Giderek artan bir yabancılaşmanın içerilesindeyiz. Aslında nitel olarak süregelen aynı yabancılaşma artan farkındalık ile paralel olarak hissettirdiği ölçütü de artırmakta. Aynı olguya yıllar sonra farklı bir olgunlukla bakıp hissetmek gibidir bu. İşte böyle bir yabancılaşma-yabancılaştırma çekilmezdir. Hayatımızda o kadar çok alana yayılır ki fark ettiğimiz an trajedi olur. İçerisinde olduğumuz iktisadi yapının üretim ilişkilerinden ötürü emeğe; toplumsal norm ve değer yargıları ile benliğimize; kadın-erkek ikilemi tanımlamalarında insan olmaya; tek ulus- din merkezli egemen üst kimliğin etkisiyle farklı olanlara ve ötekiler olarak hâkim baskı ile kendi etnik, inanç kimliklerine yabancılaşmamız başlıca alanlarıdır yabancılaşmanın.
 
Bu yazının konusu ise en son dile getirdiğimdir.
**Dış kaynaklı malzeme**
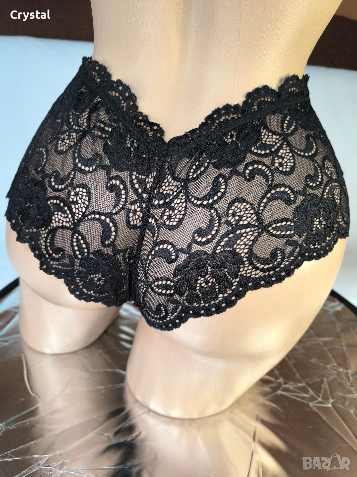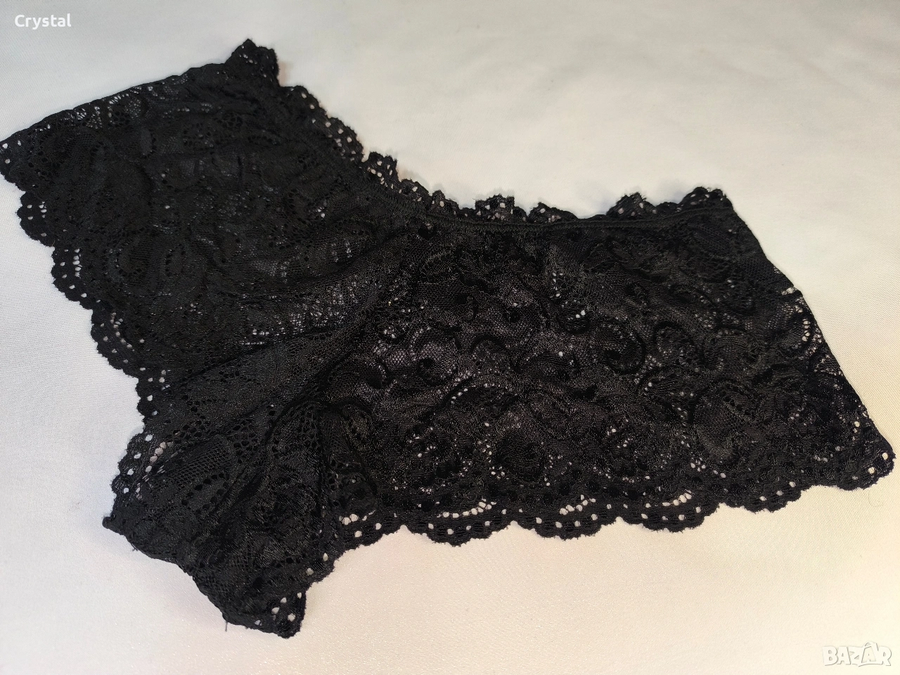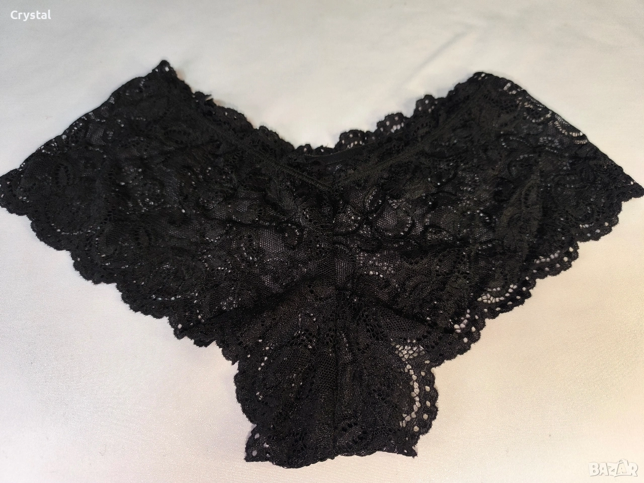 Черни дантелени бикини-бразилиани, в отлично състояние подходящи за М и L размери. Етикетът им е премахнат, без забележки.
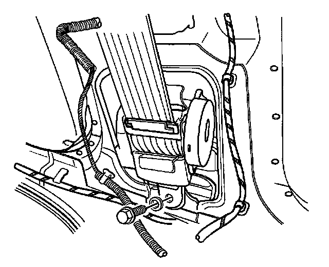 1. Install the seat belt retractor with the bolt.
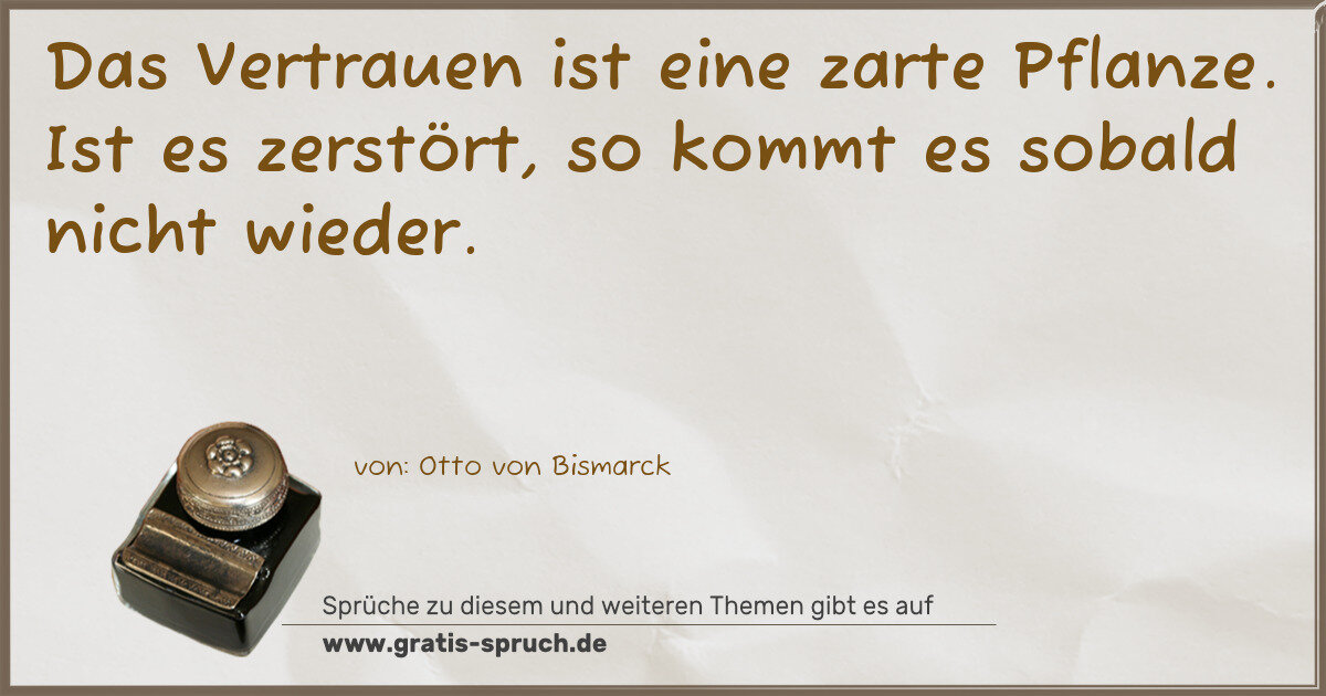 Das Vertrauen ist eine zarte Pflanze. Ist es zerstört, so kommt es sobald nicht wieder.

Kendimi tanımlamak oldum olası kaçtığım bir konu olmuştur. Amin Maalouf’un “Ölümcül Kimlikler” adlı eseri bu çelişkilerimi ve sıkıntılarımı önemli ölçüde gidermişti.
 
“Bana içimin derinliklerinde ne olduğum sorulduğunda bunda herkesin içinin derinliğinde ağır basan tek bir aidiyetin bir bakıma kişinin derin gerçekliğinin doğarken ebediyen belirlenen ve artık değişmeyecek olan özünün var olduğu inanışı yatıyor, sanki geri kalanın, bütün geri kalanın, özgür insan olarak kat ettiği yolun, benimsediği inanışların, tercihlerin, kendine özel duygusallığının, yakınlıklarının, sonuçta yaşamının hiçbir önemi yokmuş gibi “ (Amin Maalouf / Ölümcül Kimlikler).
 
İşte, kimlik bana verilen değil benim edindiğim olmalıydı. Yanlış ya da doğru kendimi tanımlamaktan vazgeçmiştim. Esası kendini tanımlama bana hep bir gruba dahil olup diğerini dışında tutmak gibiydi. Alevi miydim, Aleviliği İslam dini altında değerlendirenlerin ve onun yasam felsefesi olarak görenlerin ikileminden; “Kürt ve Zazalık“ ikileminden kaçabilmiştim bu şekilde. Sınıf kimliği ile tanımlamak sığındığım limandı ve enternasyonal olandı. Bu kimlik sorunu yabancılaşmamın bir boyutu olarak süregeldi. Düşünsenize biri adiniz söylediğinde ürker misiniz, bende böyledir. Sevda koymuşlar adımı ama ailem ve sosyal çevrem Sewe der, böyledir Dimbilki‘de (Zazaca’da). Sevda verilendir, Türkleştirmenin sembolik bir boyutudur. Bana her sevda denilişinde devlet seslenir gibi olur.
 
Kendi ismine ve kendi anadiline yabanlaşma acıdır. Murathan Mungan der ya “Kürtlerin gözleri çok güzel bakar çünkü dilleri yasaklanmıştır. Tüm duyguları gözlerinden birikmiştir.” Benim de iki nesil öncesi ile sohbetlerim hal-hatır sormanın ötesine gidememiştir. Ne zaman anlamak, konuşmak istediysem; gözlerine baktım, onların çizgilerinde okumaya çalıştım hayatlarını. Ne yaşanmışlıklar ne acılar vardı o çizgilerde. Ama parçalanmış dilimiz, parçalanmış insanlar yapmıştı bizi. Kesik kesik cümlelerdi anlatımlarımız.
 
Bu yabancılaşma ve parçalanmışlık tekçi devlet ve kimlik politikasının bir sonucudur. Ancak vurgulamak gerekir ki başarısız politikalardır ne Osmanlı’nın devşirme sistemi, ne iskân politikası ne de Türkiye Cumhuriyeti’nin savaş politikası farklı kimlikleri ortadan kaldırabilir. Sadece tarihin utanç verici sayfaları olur.